Connectivity Craved, Consequences Unfolding
Today, technology isn’t just trickling in—it’s a demand. Two villages already have internet access, with residents glued to screens late into the night. "We want Starlink," insists Txitxopi, Xuxu’s brother, explaining that phones are essential for tracking family members hospitalized in distant cities. Solar panels power devices, reducing reliance on sporadic generator fuel. Yet this connectivity breeds unintended fallout. Luisa Suriani, a teacher in the villages, observes youth abandoning hunting and farming: "They are naturally fascinated with everything that comes from outside." Health impacts are dire: four infants died in the past year from flu, pneumonia, and diarrhoea—diseases their immune systems lack the "memory" to combat, according to Dr. Lucas Albertoni, Brazil’s chief official for contacted peoples. He notes a troubling reversal: "I have to convince them of all the negative consequences of trips to the city," where exposure risks soar.

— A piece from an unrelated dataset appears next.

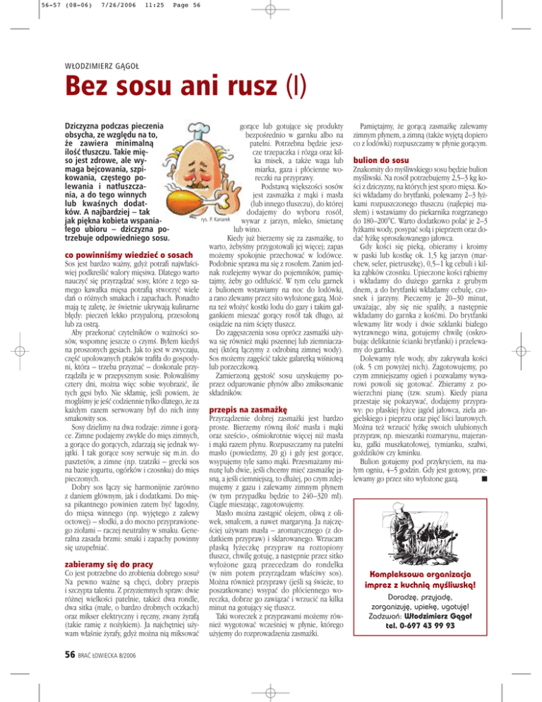 56-57 (08-06) 7/26/2006 11:25 Page 56 W¸ODZIMIERZ GÑGO¸ Bez sosu ani rusz (I) Dziczyzna podczas pieczenia obsycha, ze wzgl´du na to, ˝e zawiera minimalnà iloÊç t∏uszczu. Takie mi´so jest zdrowe, ale wymaga bejcowania, szpikowania, cz´stego polewania i nat∏uszczania, a do tego winnych lub kwaÊnych dodatków. A najbardziej – tak jak pi´kna kobieta wspania∏ego ubioru – dziczyzna potrzebuje odpowiedniego sosu. goràce lub gotujàce si´ produkty bezpoÊrednio w garnku albo na patelni. Potrzebna b´dzie jeszcze trzepaczka i rózga oraz kilka misek, a tak˝e waga lub miarka, gaza i p∏ócienne woreczki na przyprawy. Podstawà wi´kszoÊci sosów jest zasma˝ka z màki i mas∏a (lub innego t∏uszczu), do której dodajemy do wyboru rosó∏, rys. P. Kanarek wywar z jarzyn, mleko, Êmietan´ lub wino. Kiedy ju˝ bierzemy si´ za zasma˝k´, to warto, ˝ebyÊmy przygotowali jej wi´cej; zapas co powinniÊmy wiedzieç o sosach mo˝emy spokojnie przechowaç w lodówce. Sos jest bardzo wa˝ny, gdy˝ potrafi najw∏aÊci- Podobnie sprawa ma si´ z roso∏em. Zanim jedwiej podkreÊliç walory mi´siwa. Dlatego warto nak rozlejemy wywar do pojemników, pami´nauczyç si´ przyrzàdzaç sosy, które z tego sa- tajmy, ˝eby go odt∏uÊciç. W tym celu garnek mego kawa∏ka mi´sa potrafià stworzyç wiele z bulionem wstawiamy na noc do lodówki, daƒ o ró˝nych smakach i zapachach. Ponadto a rano zlewamy przez sito wy∏o˝one gazà. Mo˝majà t´ zalet´, ˝e Êwietnie ukrywajà kulinarne na te˝ w∏o˝yç kostki lodu do gazy i takim ga∏b∏´dy: pieczeƒ lekko przypalonà, przesolonà gankiem mieszaç goràcy rosó∏ tak d∏ugo, a˝ lub za ostrà. osiàdzie na nim Êci´ty t∏uszcz. Aby przekonaç czytelników o wa˝noÊci soDo zag´szczenia sosu oprócz zasma˝ki u˝ysów, wspomn´ jeszcze o czymÊ. By∏em kiedyÊ wa si´ równie˝ màki pszennej lub ziemniaczana proszonych g´siach. Jak to jest w zwyczaju, nej (którà ∏àczymy z odrobinà zimnej wody). cz´Êç upolowanych ptaków trafi∏a do gospody- Sos mo˝emy zag´Êciç tak˝e galaretkà wiÊniowà ni, która – trzeba przyznaç – doskonale przy- lub porzeczkowà. rzàdzi∏a je w przepysznym sosie. PolowaliÊmy Zamierzonà g´stoÊç sosu uzyskujemy pocztery dni, mo˝na wi´c sobie wyobraziç, ile przez odparowanie p∏ynów albo zmiksowanie tych g´si by∏o. Nie sk∏ami´, jeÊli powiem, ˝e sk∏adników. mogliÊmy je jeÊç codziennie tylko dlatego, ˝e za ka˝dym razem serwowany by∏ do nich inny przepis na zasma˝k´ Przyrzàdzenie dobrej zasma˝ki jest bardzo smakowity sos. Sosy dzielimy na dwa rodzaje: zimne i gorà- proste. Bierzemy równà iloÊç mas∏a i màki ce. Zimne podajemy zwykle do mi´s zimnych, oraz szeÊcio-, oÊmiokrotnie wi´cej ni˝ mas∏a a goràce do goràcych, zdarzajà si´ jednak wy- i màki razem p∏ynu. Rozpuszczamy na patelni jàtki. I tak goràce sosy serwuje si´ m.in. do mas∏o (powiedzmy, 20 g) i gdy jest goràce, pasztetów, a zimne (np. tzatziki – grecki sos wsypujemy tyle samo màki. Przesma˝amy mina bazie jogurtu, ogórków i czosnku) do mi´s nut´ lub dwie, jeÊli chcemy mieç zasma˝k´ jasnà, a jeÊli ciemniejszà, to d∏u˝ej, po czym zdejpieczonych. Dobry sos ∏àczy si´ harmonijnie zarówno mujemy z gazu i zalewamy zimnym p∏ynem z daniem g∏ównym, jak i dodatkami. Do mi´- (w tym przypadku b´dzie to 240–320 ml). sa pikantnego powinien zatem byç ∏agodny, Ciàgle mieszajàc, zagotowujemy. Mas∏o mo˝na zastàpiç olejem, oliwà z olido mi´sa winnego (np. wyj´tego z zalewy octowej) – s∏odki, a do mocno przyprawione- wek, smalcem, a nawet margarynà. Ja najcz´go zio∏ami – raczej neutralny w smaku. Gene- Êciej u˝ywam mas∏a – aromatycznego (z doralna zasada brzmi: smaki i zapachy powinny datkiem przypraw) i sklarowanego. Wrzucam p∏askà ∏y˝eczk´ przypraw na roztopiony si´ uzupe∏niaç. t∏uszcz, chwil´ gotuj´, a nast´pnie przez sitko zabieramy si´ do pracy wy∏o˝one gazà przecedzam do rondelka Co jest potrzebne do zrobienia dobrego sosu? (w nim potem przyrzàdzam w∏aÊciwy sos). Na pewno wa˝ne sà ch´ci, dobry przepis Mo˝na równie˝ przyprawy (jeÊli sà Êwie˝e, to i szczypta talentu. Z przyziemnych spraw: dwie poszatkowane) wsypaç do p∏óciennego woró˝nej wielkoÊci patelnie, takie˝ dwa rondle, reczka, dobrze go zawiàzaç i wrzuciç na kilka dwa sitka (ma∏e, o bardzo drobnych oczkach) minut na gotujàcy si´ t∏uszcz. oraz mikser elektryczny i r´czny, zwany ˝yrafà Taki woreczek z przyprawami mo˝emy rów(takie rami´ z no˝ykiem). Ja najch´tniej u˝y- nie˝ wygotowaç wczeÊniej w p∏ynie, którego wam w∏aÊnie ˝yrafy, gdy˝ mo˝na nià miksowaç u˝yjemy do rozprowadzenia zasma˝ki. 56 BRAå ¸OWIECKA 8/2006 Pami´tajmy, ˝e goràcà zasma˝k´ zalewamy zimnym p∏ynem, a zimnà (tak˝e wyj´tà dopiero co z lodówki) rozpuszczamy w p∏ynie goràcym. bulion do sosu Znakomity do myÊliwskiego sosu b´dzie bulion myÊliwski. Na rosó∏ potrzebujemy 2,5–3 kg koÊci z dziczyzny, na których jest sporo mi´sa. KoÊci wk∏adamy do brytfanki, polewamy 2–3 ∏y˝kami rozpuszczonego t∏uszczu (najlepiej mas∏em) i wstawiamy do piekarnika rozgrzanego do 180–200°C. Warto dodatkowo polaç je 2–3 ∏y˝kami wody, posypaç solà i pieprzem oraz dodaç ∏y˝k´ sproszkowanego ja∏owca. Gdy koÊci si´ piekà, obieramy i kroimy w paski lub kostk´ ok. 1,5 kg jarzyn (marchew, seler, pietruszk´), 0,5–1 kg cebuli i kilka zàbków czosnku. Upieczone koÊci ràbiemy i wk∏adamy do du˝ego garnka z grubym dnem, a do brytfanki wk∏adamy cebul´, czosnek i jarzyny. Pieczemy je 20–30 minut, uwa˝ajàc, aby si´ nie spali∏y, a nast´pnie wk∏adamy do garnka z koÊçmi. Do brytfanki wlewamy litr wody i dwie szklanki bia∏ego wytrawnego wina, gotujemy chwil´ (oskrobujàc delikatnie Êcianki brytfanki) i przelewamy do garnka. Dolewamy tyle wody, aby zakrywa∏a koÊci (ok. 5 cm pow

The Tightrope of Tech Integration
The Korubo’s embrace of modernity highlights a broader dilemma. While access to healthcare and communication offers lifelines, it erodes autonomy. Funai, Brazil’s Indigenous agency, once regulated goods to "essentials," but the Korubo now define needs expansively—buying biscuits, pasta, and drones. Seatvo, the first Korubo to live in Tabatinga, wears jeans and sunglasses while pursuing army or teaching jobs, symbolizing irreversible cultural drift. Suriani cautions against romanticizing their past: "Korubo day-to-day life is completely vibrant," with traditions like washing infants or brewing tatxi bark drink persisting. But even she acknowledges the strain: game scarcity forces villages to stay put, tethered by their new gadgets.
Possuelo, now 84, offers a stark warning: "The post-contact suffering is very great. They fall into dependency on those who formerly killed them." For tech leaders, this underscores a chilling reality: connectivity can empower but also enslave. As uncontacted groups dwindle globally, the Korubo’s story is a blueprint—or a cautionary tale—for balancing innovation with irreplaceable cultural integrity.